++++ Dataset records
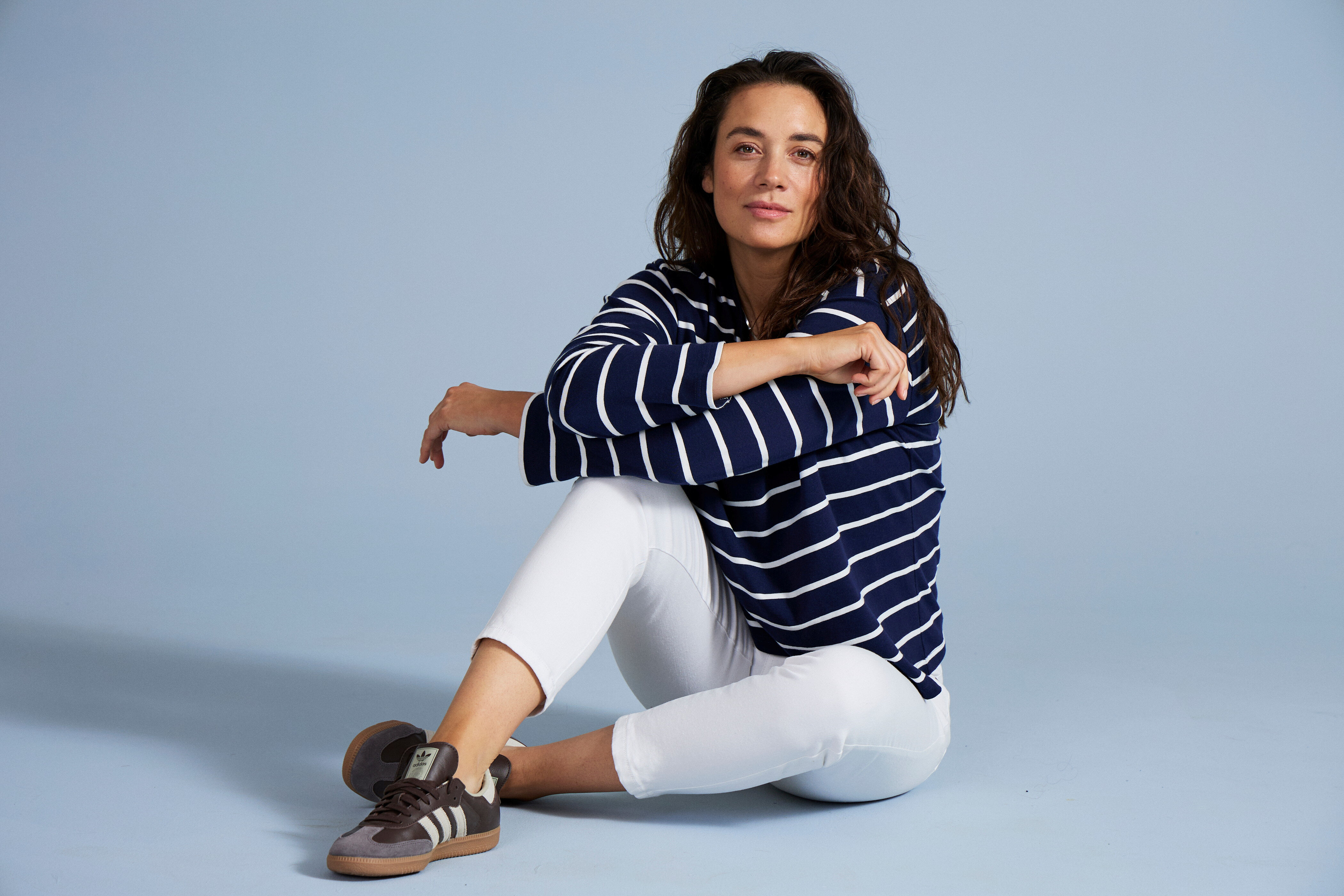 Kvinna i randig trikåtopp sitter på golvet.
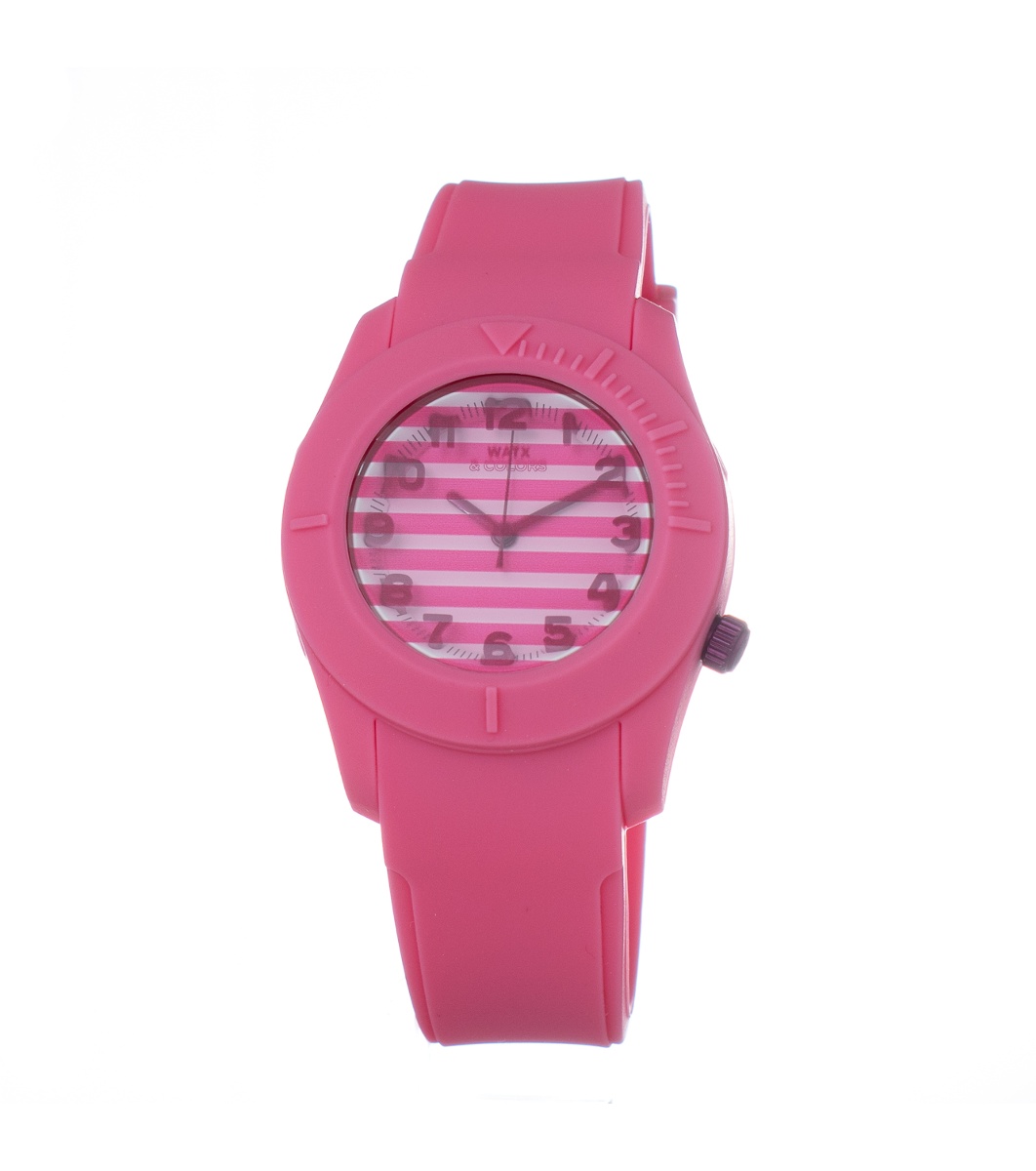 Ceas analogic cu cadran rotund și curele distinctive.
++++++++
++++ Dataset records
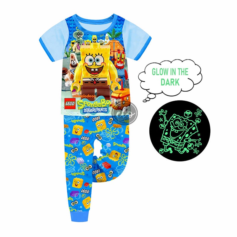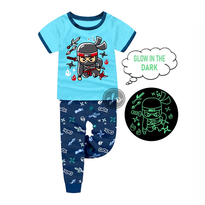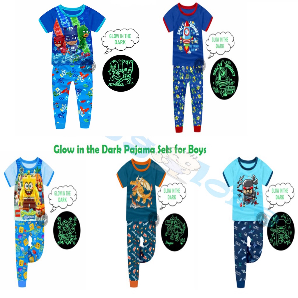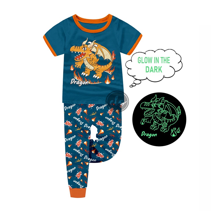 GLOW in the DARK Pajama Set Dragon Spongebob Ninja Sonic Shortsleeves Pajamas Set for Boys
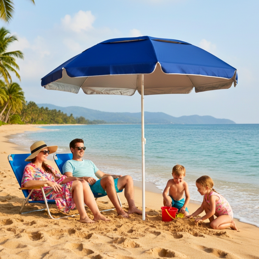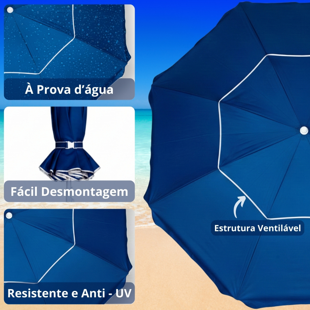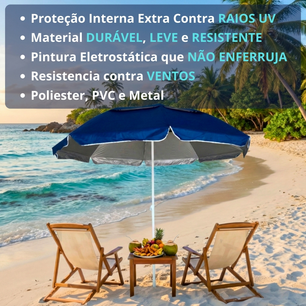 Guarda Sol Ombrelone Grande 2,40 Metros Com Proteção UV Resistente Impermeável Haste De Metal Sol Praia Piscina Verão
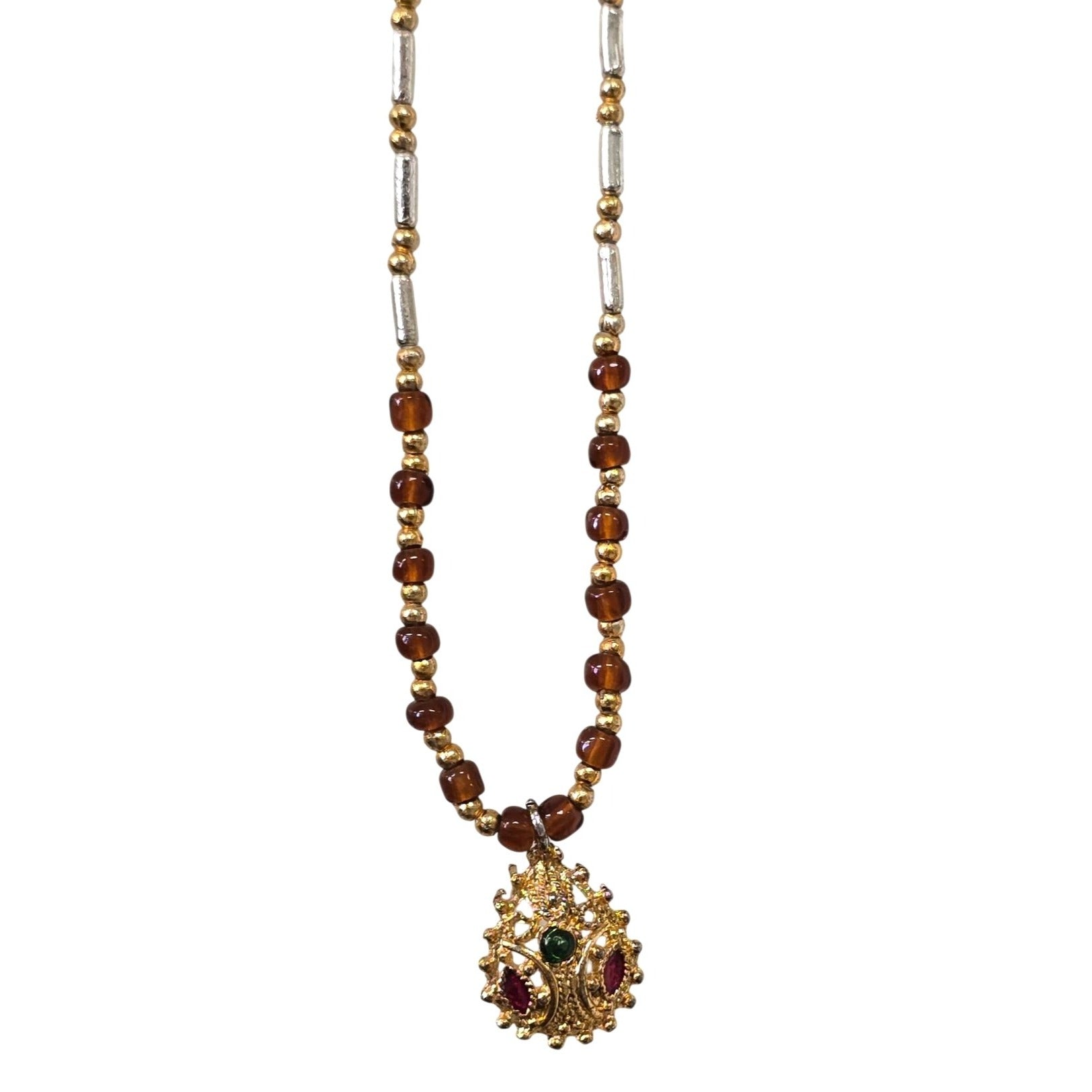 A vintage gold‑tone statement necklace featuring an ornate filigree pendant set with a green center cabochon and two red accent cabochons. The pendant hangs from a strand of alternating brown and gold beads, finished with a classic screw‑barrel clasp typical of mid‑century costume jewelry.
++++++++
* Try it *
Would you copy out, exactly and with no pictures, only the lines above from the one that contains "Kvinna i randig trikåtopp sitter på golvet." through the one that contains "Ceas analogic cu"?

* Exercise output *
 Kvinna i randig trikåtopp sitter på golvet.
 Ceas analogic cu cadran rotund și curele distinctive.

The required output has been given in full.